For those of you who don't know these "drives", as they are commonly
called: They are basically a line-connected rectifier, filter, followed
by a three-phase IGBT bridge, along with a microprocessor circuit that
implements quite sophisticated control, and drives the IGBTs. The output
is three phase, variable frequency, voltage and current, created by
pulse width modulation at a few kilohertz, that powers a motor, whose
speed, torque and even angular position can be accurately controlled.
These things exist in power levels from a few hundred watts to several
hundred kilowatts, and probably even higher. The one I repaired
yesterday is for 22kW, accepting an input of 380 to 480V, three phase.
For the doubters among you, all its power electronics are of course
directly connected to the mains. It is intended to be installed by
competent electricians, and used by anyone. It's made in Finland, and
meets all European directives applicable at the time of its manufacture,
in 2007 - including leadless solder, much to my pain, because with its
higher melting point it was a chore to unsolder the IGBT module with its
24 thick rigid pins rated for 50 amperes each.

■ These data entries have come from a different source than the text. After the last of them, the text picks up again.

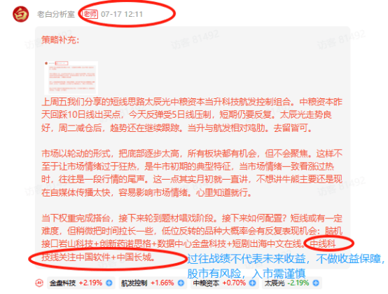 其中所有免费浏览内容由投顾服务人员或团队发布(包含但不仅限于和讯自有投顾人员),均仅代表其对市场所持观点,所载内容、数据仅供参考,参阅文字交流信息、资料及图表的人士,应考虑投资市场风险性。投资者依据本平台提供的信息、资料及图表进行金融、证券等投资项目所造成的盈亏与公司无关。不承诺投资者获取投资收益,也不与投资者约定分享投资收益或分担投资损失。本服务所提供的文字信息、资料及图表仅供参考,并不构成对任何股票的收购、购买、认购、抛售或持有的邀约或意图。
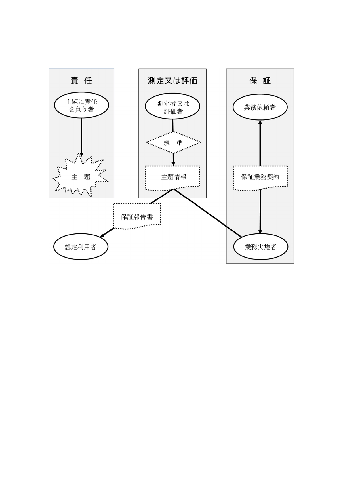 証業務との相違を説明している。また、例えば、保証業務の主題、要求された適合
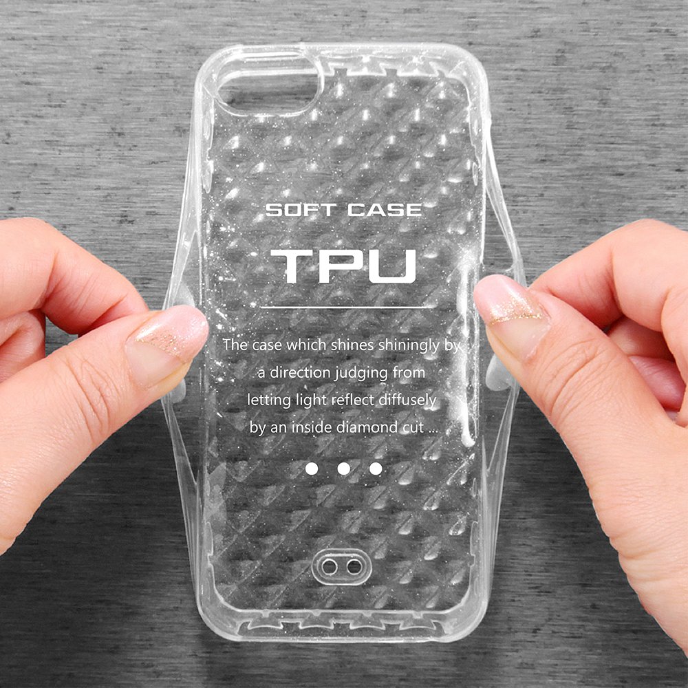 It is TPU (thermoplastic polyurethane resin) material with dull and dirt resistant and supple texture.
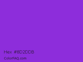 Hex #8d2ddb Color is a normal purple color and the nearest color is Blue Violet #8a2be2. Hex code #8d2ddb and RGB value is rgb(141,45,219). In RGB color space, this color is composed of 55% red, 18% green, 86% blue, In CMYK color space, this color is composed of 36% cyan, 79% magenta, 0% yellow , 14% black , In HSL color space, this color has a hue angle of 273° , 71% saturation and 52% lightness.
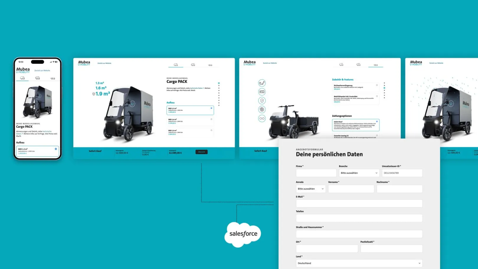 The configurator was implemented as a React application (headless) and receives the data from Drupal via a REST interface. At the end of the configuration process, the website transfers the information and user data to Salesforce. The Salesforce connection is also relevant in the area of lead generation and was seamlessly integrated into the front-end design of the website so that there are no breaks in the user journey.
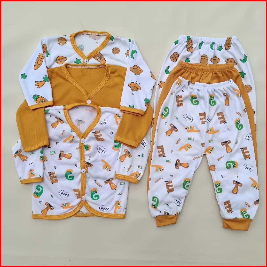 Promo 6pcs 3stel Baju Bayi Lengan Panjang 0-6 Bulan Seri Denim 3 Stel Baju Bayi Laki Laki Perempuan Lengan Panjang Newbo
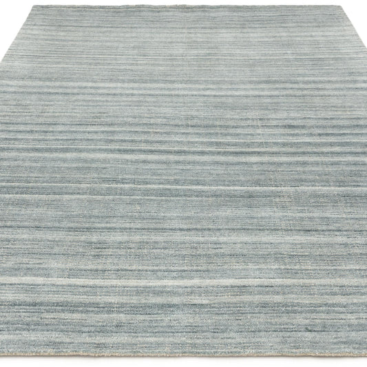Hazy Sea Blue Handwoven Rug – Tip-Sheared Finish Soft Wool Blend Plain Striped Carpet for Modern Interiors
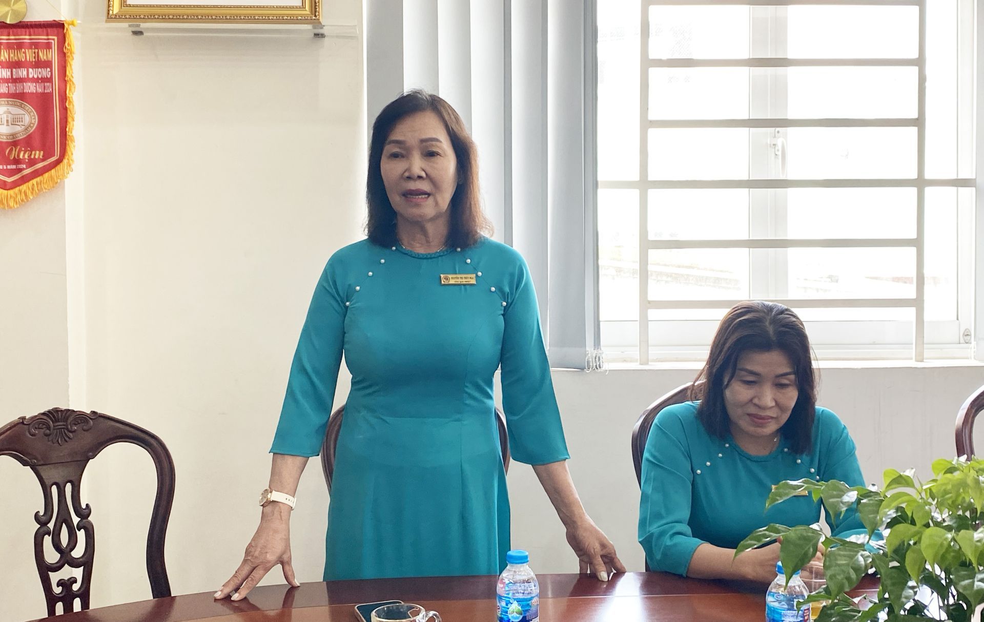 Bà Nguyễn Thị Thuý Nga - Chủ tịch Hội đồng quản trị Quỹ tín dụng nhân dân An Thạnh phát biểu

There are some more good hints we can take from units like this. For
example, the input rectifier is rated at 1600V peak inverse voltage, and
the beast is rated for up to 480V AC input. That means, they are using
less than twice the diode voltage, relative to the peak AC voltage. And
this is for a highly reliable industrial application. That shows how
exaggerated it is to use 4 times higher diode voltage in a ham amplifier.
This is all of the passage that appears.